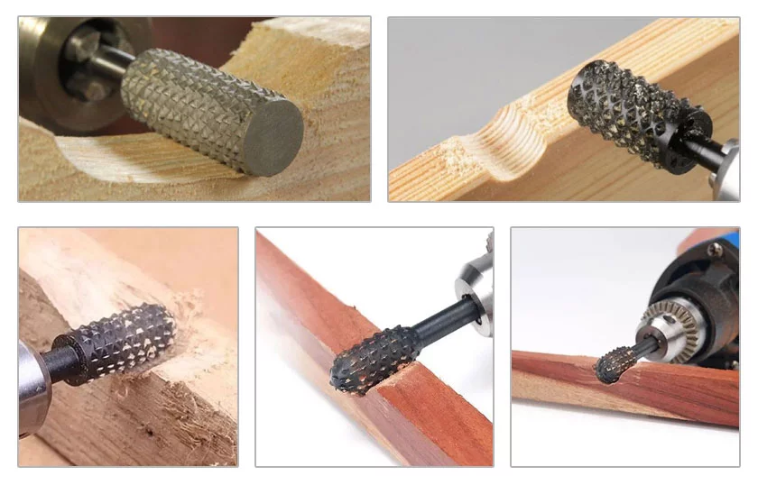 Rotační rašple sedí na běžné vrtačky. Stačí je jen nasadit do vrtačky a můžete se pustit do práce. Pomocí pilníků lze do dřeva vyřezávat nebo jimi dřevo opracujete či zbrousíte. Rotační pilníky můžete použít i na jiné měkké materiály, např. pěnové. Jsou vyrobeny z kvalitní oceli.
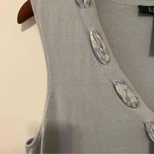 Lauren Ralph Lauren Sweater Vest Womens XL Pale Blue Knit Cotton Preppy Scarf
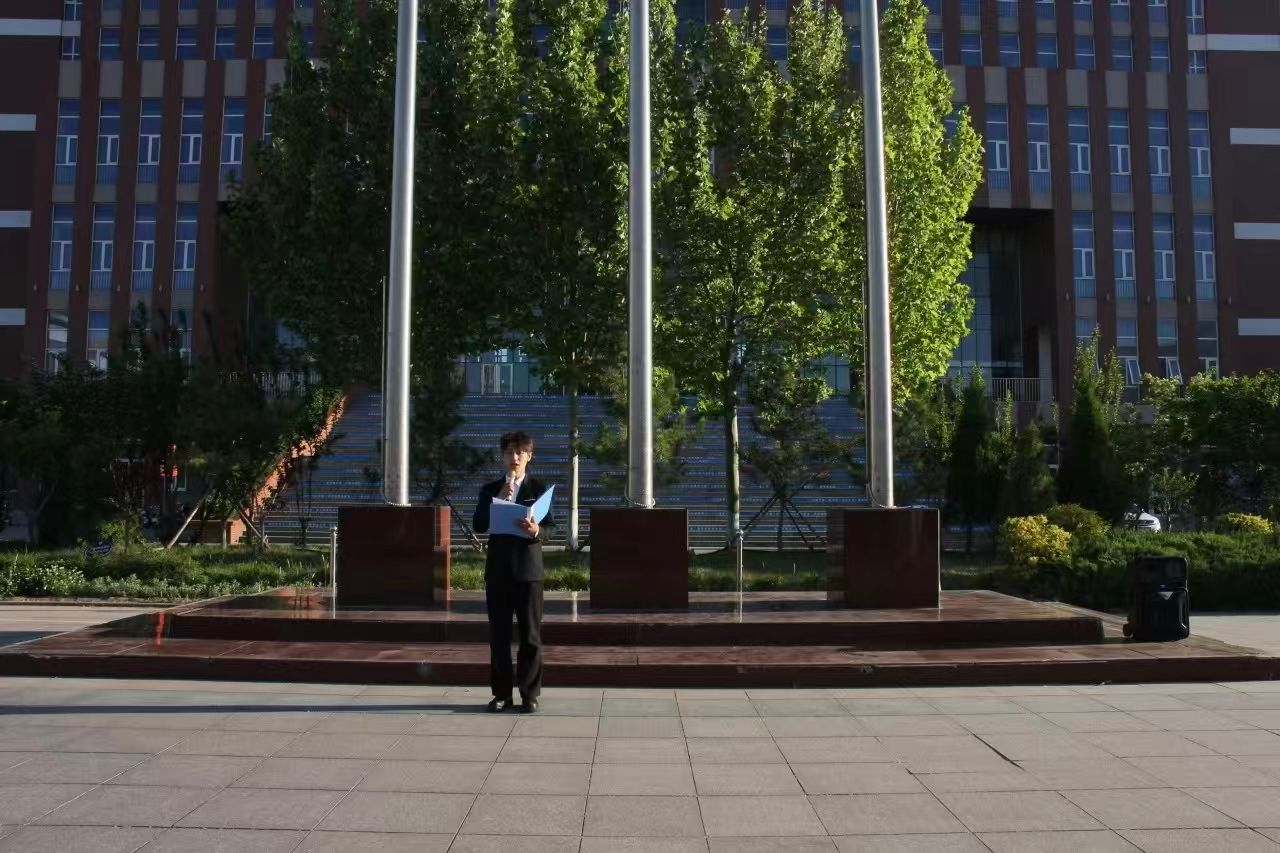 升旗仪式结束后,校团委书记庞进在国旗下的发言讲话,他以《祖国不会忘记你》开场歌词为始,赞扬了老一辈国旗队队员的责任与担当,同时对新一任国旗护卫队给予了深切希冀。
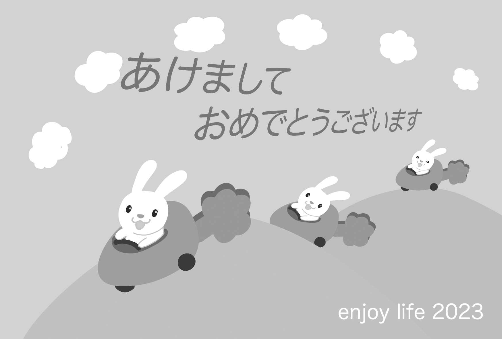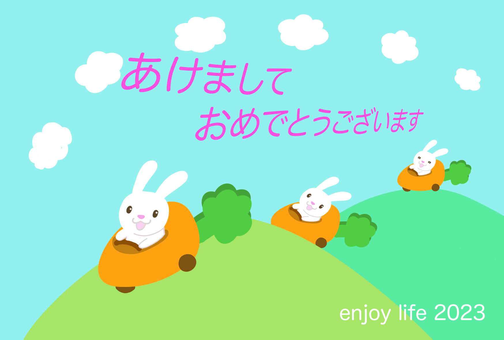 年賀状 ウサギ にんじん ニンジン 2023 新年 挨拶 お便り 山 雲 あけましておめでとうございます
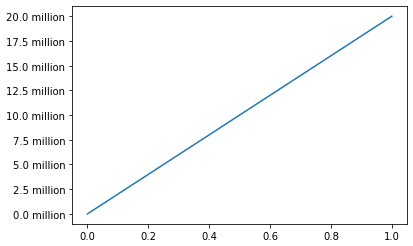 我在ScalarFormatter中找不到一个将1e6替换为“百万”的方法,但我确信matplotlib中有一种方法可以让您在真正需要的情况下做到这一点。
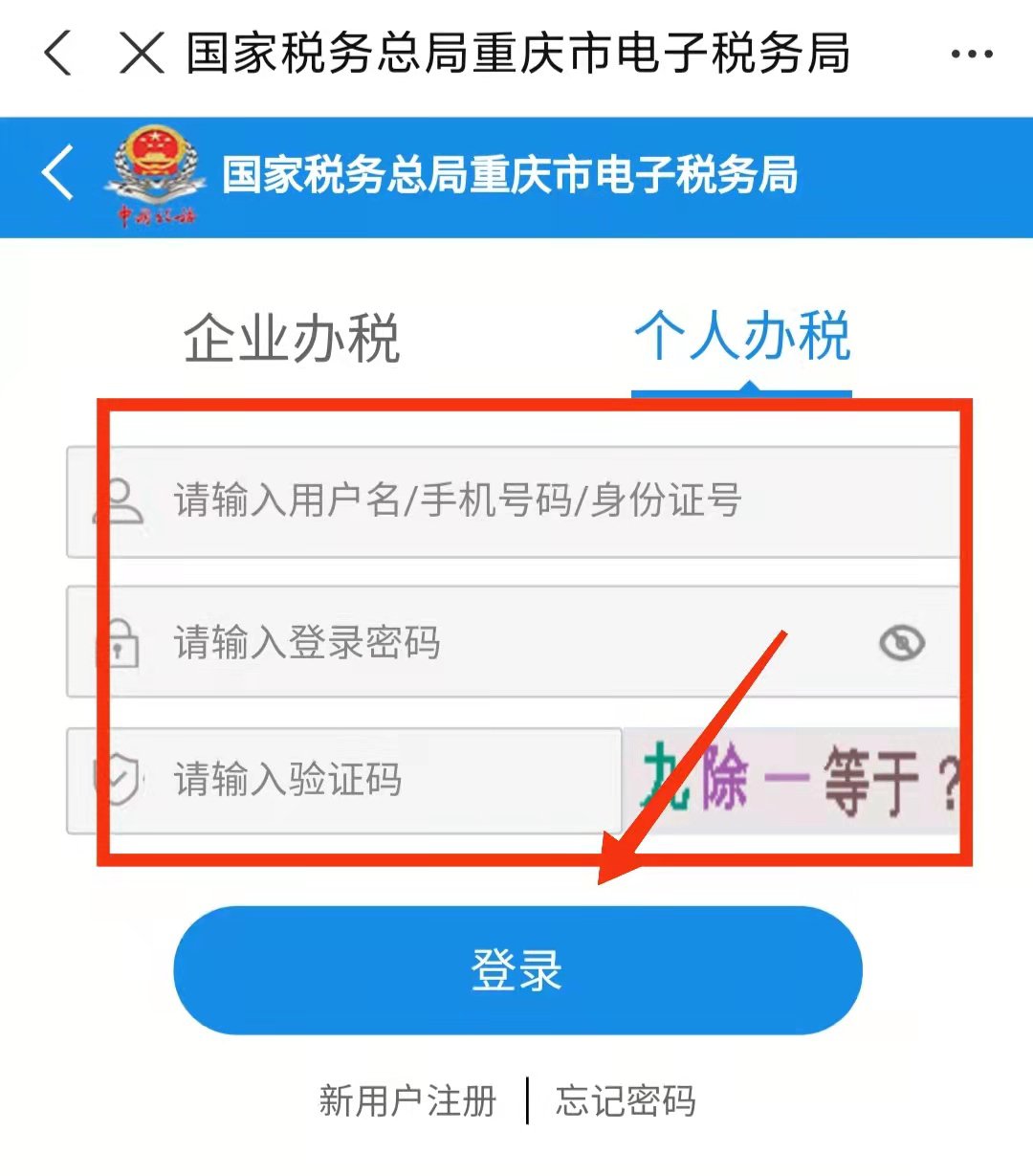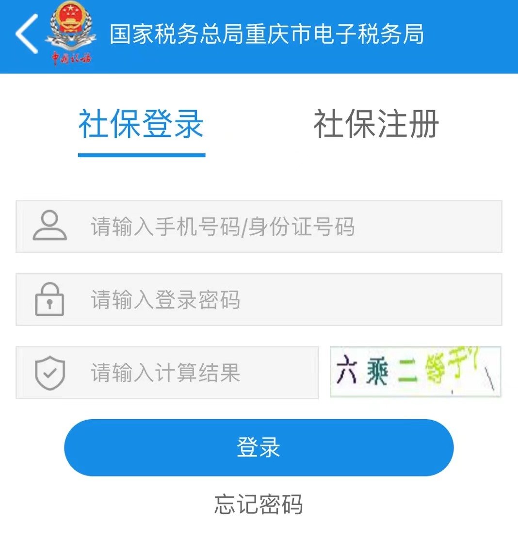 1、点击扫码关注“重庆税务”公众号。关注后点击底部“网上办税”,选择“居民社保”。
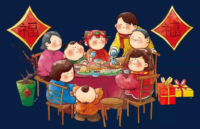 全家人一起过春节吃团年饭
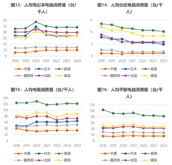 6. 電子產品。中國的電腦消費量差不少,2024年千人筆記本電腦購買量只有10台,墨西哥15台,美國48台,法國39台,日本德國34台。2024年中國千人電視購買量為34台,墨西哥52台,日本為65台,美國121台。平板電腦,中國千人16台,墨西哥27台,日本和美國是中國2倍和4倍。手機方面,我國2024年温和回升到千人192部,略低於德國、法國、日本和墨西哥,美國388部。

**What to work on:**
Restate the entries above word for word, and keep the pictures out.

**Output:**
 Rotační rašple sedí na běžné vrtačky. Stačí je jen nasadit do vrtačky a můžete se pustit do práce. Pomocí pilníků lze do dřeva vyřezávat nebo jimi dřevo opracujete či zbrousíte. Rotační pilníky můžete použít i na jiné měkké materiály, např. pěnové. Jsou vyrobeny z kvalitní oceli.
 Lauren Ralph Lauren Sweater Vest Womens XL Pale Blue Knit Cotton Preppy Scarf
 升旗仪式结束后,校团委书记庞进在国旗下的发言讲话,他以《祖国不会忘记你》开场歌词为始,赞扬了老一辈国旗队队员的责任与担当,同时对新一任国旗护卫队给予了深切希冀。
 年賀状 ウサギ にんじん ニンジン 2023 新年 挨拶 お便り 山 雲 あけましておめでとうございます
 我在ScalarFormatter中找不到一个将1e6替换为“百万”的方法,但我确信matplotlib中有一种方法可以让您在真正需要的情况下做到这一点。
 1、点击扫码关注“重庆税务”公众号。关注后点击底部“网上办税”,选择“居民社保”。
 全家人一起过春节吃团年饭
 6. 電子產品。中國的電腦消費量差不少,2024年千人筆記本電腦購買量只有10台,墨西哥15台,美國48台,法國39台,日本德國34台。2024年中國千人電視購買量為34台,墨西哥52台,日本為65台,美國121台。平板電腦,中國千人16台,墨西哥27台,日本和美國是中國2倍和4倍。手機方面,我國2024年温和回升到千人192部,略低於德國、法國、日本和墨西哥,美國388部。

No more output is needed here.